It is a most painful position to a conscientious and cultivated mind to be drawn in contrary directions by the two noblest of all objects of pursuit — truth and the general good.  Such a conflict must inevitably produce a growing indifference to one or other of these objects, most probably to both.

- John Stuart Mill, from Utility of Religion

Much electronic ink has been spilled on this blog about Pascal’s wager.  Yet, I don’t think that the central issue, and one that relates directly to the mission of this blog, has been covered.  That issue is this: there’s a difference between the requirements for good (rational, justified) belief and the requirements for good (rational, prudent — not necessarily moral) action.

Presented most directly: good belief is supposed to be truth and evidence-tracking.  It is not supposed to be consequence-tracking.  We call a belief rational to the extent it is (appropriately) influenced by the evidence available to the believer, and thus maximizes our shot at getting the truth.  We call a belief less rational to the extent it is influenced by other factors, including the consequences of holding that belief.  Thus, an atheist who changed his beliefs in response to the threat of torture from the Spanish Inquisition cannot be said to have followed a correct belief-formation process. 

On the other hand, good action is supposed (modulo deontological moral theories) to be consequence-tracking.  The atheist who professes changed beliefs in response to the threat of torture from the Spanish Inquisition can be said to be acting prudently by making such a profession.
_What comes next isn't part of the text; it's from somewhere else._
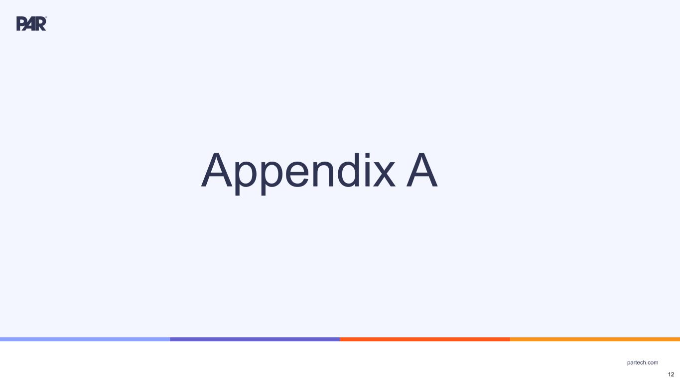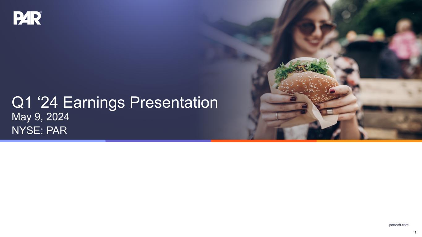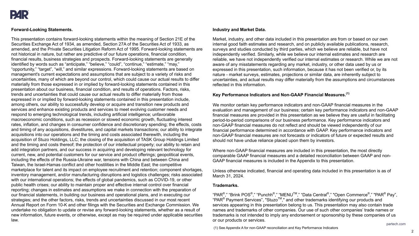 partech.com Forward-Looking Statements. This presentation contains forward-looking statements within the meaning of Section 21E of the Securities Exchange Act of 1934, as amended, Section 27A of the Securities Act of 1933, as amended, and the Private Securities Litigation Reform Act of 1995. Forward-looking statements are not historical in nature, but rather are predictive of our future operations, financial condition, financial results, business strategies and prospects. Forward-looking statements are generally identified by words such as “anticipate,” “believe,” “could”, “continue,” “estimate,” “may,” “opportunity,” “target”, “will,” and similar expressions. Forward-looking statements are based on management's current expectations and assumptions that are subject to a variety of risks and uncertainties, many of which are beyond our control, which could cause our actual results to differ materially from those expressed in or implied by forward-looking statements contained in this presentation about our business, financial condition, and results of operations. Factors, risks, trends and uncertainties that could cause our actual results to differ materially from those expressed in or implied by forward-looking statements contained in this presentation include, among others, our ability to successfully develop or acquire and transition new products and services and enhance existing products and services to meet evolving customer needs and respond to emerging technological trends, including artificial intelligence; unfavorable macroeconomic conditions, such as recession or slowed economic growth, fluctuating interest rates, inflation, and changes in consumer confidence and discretionary spending; the effects, costs and timing of any acquisitions, divestitures, and capital markets transactions; our ability to integrate acquisitions into our operations and the timing and costs associated therewith, including the acquisition of Stuzo Holdings, LLC; the closing of the acquisition of TASK Group Holdings Limited and the timing and costs thereof; the protection of our intellectual property; our ability to retain and add integration partners, and our success in acquiring and developing relevant technology for current, new, and potential customers for our service and product offerings; geopolitical events, including the effects of the Russia-Ukraine war, tensions with China and between China and Taiwan, the Israel-Hamas conflict and other hostilities in the Middle East; the competitive marketplace for talent and its impact on employee recruitment and retention; component shortages, inventory management, and/or manufacturing disruptions and logistics challenges; risks associated with our international operations; the effects of global pandemics, such as COVID-19, or other public health crises; our ability to maintain proper and effective internal control over financial reporting; changes in estimates and assumptions we make in connection with the preparation of our financial statements, in building our business and operational plans, and in executing our strategies; and the other factors, risks, trends and uncertainties discussed in our most recent Annual Report on Form 10-K and other filings with the Securities and Exchange Commission. We undertake no obligation to update or revise any forward-looking statements, whether as a result of new information, future events, or otherwise, except as may be required under applicable securities law. Industry and Market Data. Market, industry, and other data included in this presentation are from or based on our own internal good faith estimates and research, and on publicly available publications, research, surveys and studies conducted by third parties, which we believe are reliable, but have not independently verified. Similarly, while we believe our internal estimates and research are reliable, we have not independently verified our internal estimates or research. While we are not aware of any misstatements regarding any market, industry, or other data used by us or expressed in this presentation, such information, because it has not been verified or, by its nature - market surveys, estimates, projections or similar data, are inherently subject to uncertainties, and actual results may differ materially from the assumptions and circumstances reflected in this information. Key Performance Indicators and Non-GAAP Financial Measures.(1) We monitor certain key performance indicators and non-GAAP financial measures in the evaluation and management of our business; certain key performance indicators and non-GAAP financial measures are provided in this presentation as we believe they are useful in facilitating period-to-period comparisons of our business performance. Key performance indicators and non-GAAP financial measures do not reflect and should be viewed independently of our financial performance determined in accordance with GAAP. Key performance indicators and non-GAAP financial measures are not forecasts or indicators of future or expected results and should not have undue reliance placed upon them by investors. Where non-GAAP financial measures are included in this presentation, the most directly comparable GAAP financial measures and a detailed reconciliation between GAAP and non- GAAP financial measures is included in the Appendix to this presentation. Unless otherwise indicated, financial and operating data included in this presentation is as of March 31, 2024. Trademarks. “PAR®,” “Brink POS®,” “Punchh®,” “MENUTM,” “Data Central®,” "Open Commerce®,” "PAR® Pay”, “PAR® Payment Services”, "StuzoTM," and other trademarks identifying our products and services appearing in this presentation belong to us. This presentation may also contain trade names and trademarks of other companies. Our use of such other companies’ trade names or trademarks is not intended to imply any endorsement or

A modern gloss on Pascal’s wager might be understood less as an argument for the belief in God than as a challenge to that separation.  If, Modern-Pascal might say, we’re in an epistemic situation such that our evidence is in equipoise (always keeping in mind Daniel Griffin’s apt point that this is the situation presumed by Pascal’s argument), then we ought to take consequences into account in choosing our beliefs. 

There seem to be arguments for and against that position… 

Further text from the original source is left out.